一声惊叫划破暴雨笼罩的寂静,秋雨打落一地桂花,有些熟透的柿子掉在地上流淌出汁水,空气里混着泥土与谷物的清香。
池宜被这一声吵醒,还以为自己听到了谁的梦话。
一夜之间,全瓦镇放在床榻边的鞋子都被偷了——除了池宜。
此刻,唯一幸存下来的鞋子被池宜安安稳稳地穿在脚上。
此刻,街巷早已乱作一团,滂沱雨声里,斥骂声、抱怨声、叫嚷声搅成一片,顺着雨雾飘出老远。
“天杀的小贼!连鞋子都偷!我那新纳的布鞋还没穿几日呢!”
“我家娃儿今早光着脚哭着不肯出门,这雨这么大,踩在地上凉得刺骨!”
“真是邪门了!全镇这么多户,怎么就一双不剩?难不成是长了腿自己跑了?”
“我看就是成心的!专挑咱们老百姓的东西下手,缺德到家了!”
“他祖宗多少双脚啊,穿得着这么多鞋吗!”
老人们拄着拐杖站在门口跺脚叹气,妇人叉着腰在檐下连声控诉,汉子们则皱着眉四处搜寻,脚下踩着湿冷的地面,脸色个个难看。
哦,对。
松时生也没有鞋穿。
松时生随手拿出一双鞋子,仿佛没发生过般的云淡风轻,把鞋袜穿好。
“你不觉得,很诡异吗?偏偏不偷我的鞋。”
池宜抱剑倚窗,透过缝隙飘进来雨丝还夹杂着街边各式各样的糕点饼子的香气,虽然她如今味觉失灵,仍耐不住肚子空空,一时间竟有些胃疼。
“小二。”
脚步声很快过来,池宜隔着门板随口报菜:“两碟小炒,一盅白粥,街边把热乎的糕点各买两样,一并送上来。”
“好嘞客官!”
不多时,饭菜糕点就摆满了一桌,白粥冒着热气,菜香混着甜香弥漫开来。
池宜拉过椅子坐下,拿起瓷勺舀了口粥,目光却不自觉落在松时生身上。
他执筷的手骨节分明,夹菜时动作轻缓,可唯独对着那碟姜丝小炒,筷子绕了几次,终究是偏了方向。
池宜挑了挑眉,伸筷在那盘菜上点了点:“这菜不合你口味?”
松时生抬眸看了一眼那盘泛着姜辣气味的菜,淡淡移开视线,只夹了一筷清爽的青菜:“不喜姜。”
“那你多吃点这盘菜。”池宜把没有姜丝的菜向他推了几寸,又继续说,“昨夜你我都没察觉,可见‘祂’功力深厚,怕是不好对付。”
两人匆匆用了些吃食,池宜将桌上的糕点用油纸包了几块揣在怀中,以备不时之需,
二人身上都穿上结水衣,再大的雨也打不湿,但为了更好隐蔽,还是拿上了油纸伞。
雨势丝毫未减,豆大的雨点砸在油纸伞上,发出噼里啪啦的声响,伞沿垂下密密的雨帘,将两人周身圈出一方小小的干燥之地。
“先往镇东头走走,那边住户多,或许能问到些端倪。”松时生撑着伞,脚步平稳地走在左侧,目光不动声色地掠过街边的每一户人家,留意着众人的神色与交谈的只言片语。
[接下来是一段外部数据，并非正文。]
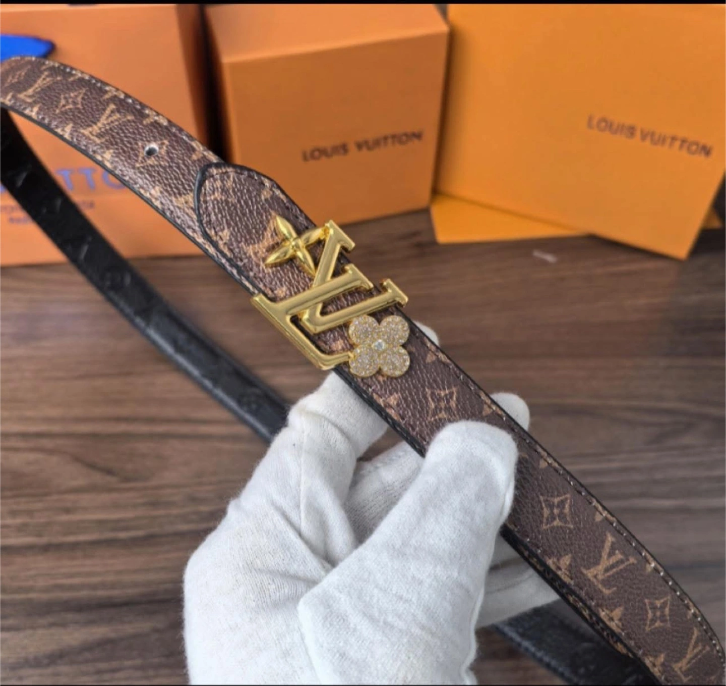 The belt is a stylish brown color. Features a golden buckle. A great accessory for any outfit, providing an effortless touch of elegance.
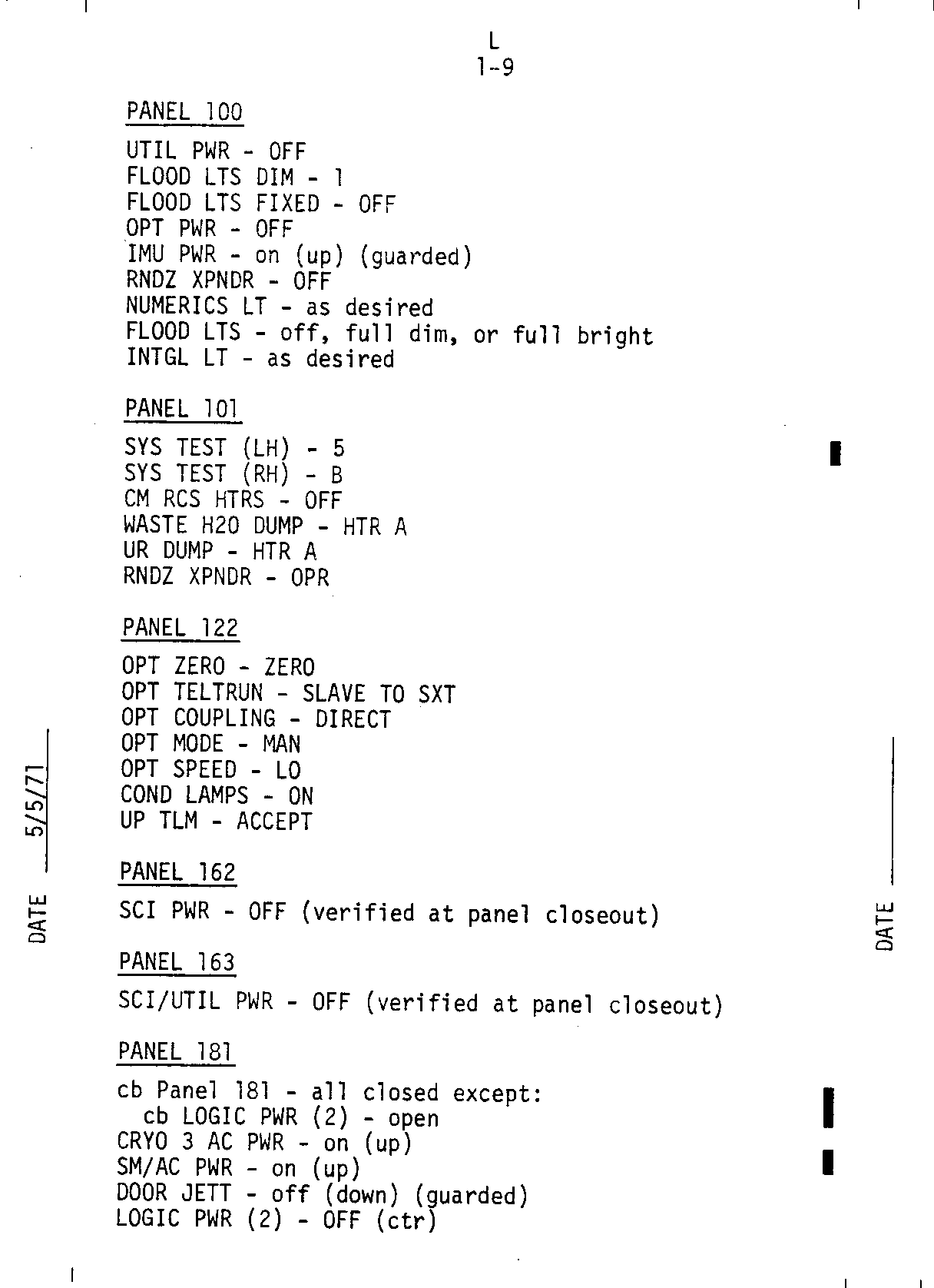- 1-09 Panel 100, 101, 122, 162, 163, 181
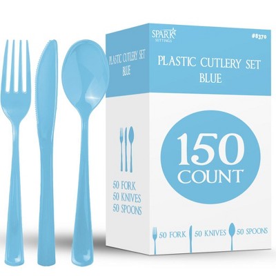 Trendables Emerald Plastic Dinnerware Set Serves 40 | Plastic disposable plates & disposable Gold fork Gold Spoons and Gold knives- 200 PCs
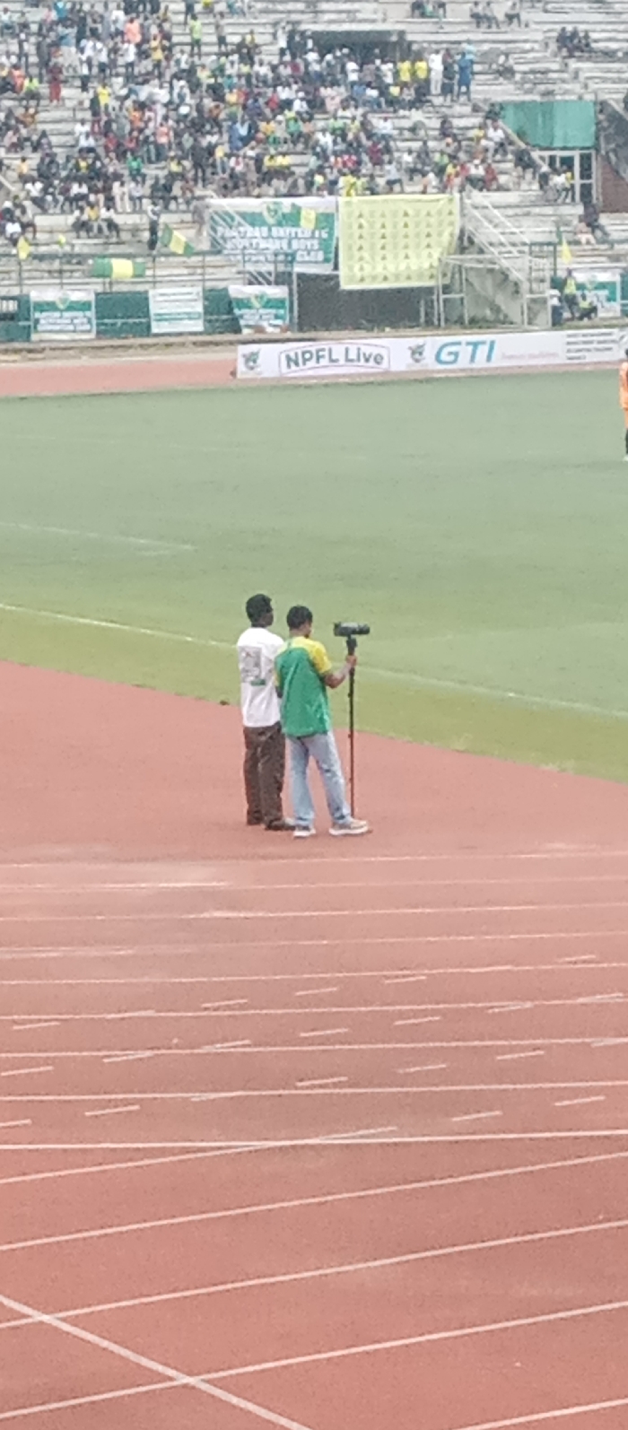 This image depicts a sporting event within a new stadium facility in Jos, Plateau State, Nigeria, consistent with the prominent "PLATEAU UNITED FC" banner. In the foreground, a red running track with white lane markings extends across the lower portion of the frame. Two adult males stand on the track adjacent to the green grass football pitch. The man on the left wears a white t-shirt and dark trousers. The man on the right, clad in a green and yellow short-sleeved top and light blue jeans, operates a black camera mounted on a monopod or slender tripod, directed towards the field of play. The midground consists of the well-maintained green football pitch. The background features stadium stands, partially filled with numerous spectators. Along the perimeter of the pitch, advertising hoardings display "NPFL Live" and "GTI" logos. Additionally, a large white banner with "PLATEAU UNITED FC" and "FOOTBALL BOYS CLUB" text is clearly visible, alongside a partially obscured green and yellow banner. A person in an orange jersey is partially visible on the far right of the football pitch. The scene portrays an active outdoor sporting event being filmed or broadcast.
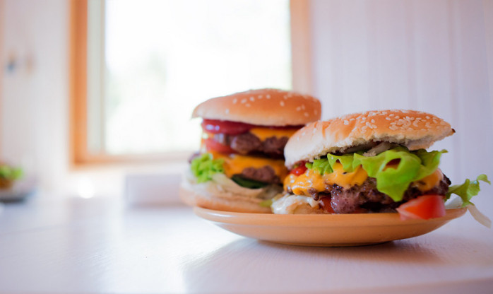 Rada i flera våningar och speciellt gott är det att lägga två biffar med i burgaren.

池宜点头应允,跟在他身侧,靴底踩在积满雨水的青石板上,溅起浅浅的水花。
她刻意放缓脚步,听着周遭百姓的抱怨,发现众人除了愤怒与不解,言语间还藏着几分不易察觉的惶恐。
有人低声念叨着“这是镇上触怒了什么东西”,也有人说“前些日子夜里就听见奇怪的声响,只是没人当回事”,细碎的话语混在雨声里,更添诡异。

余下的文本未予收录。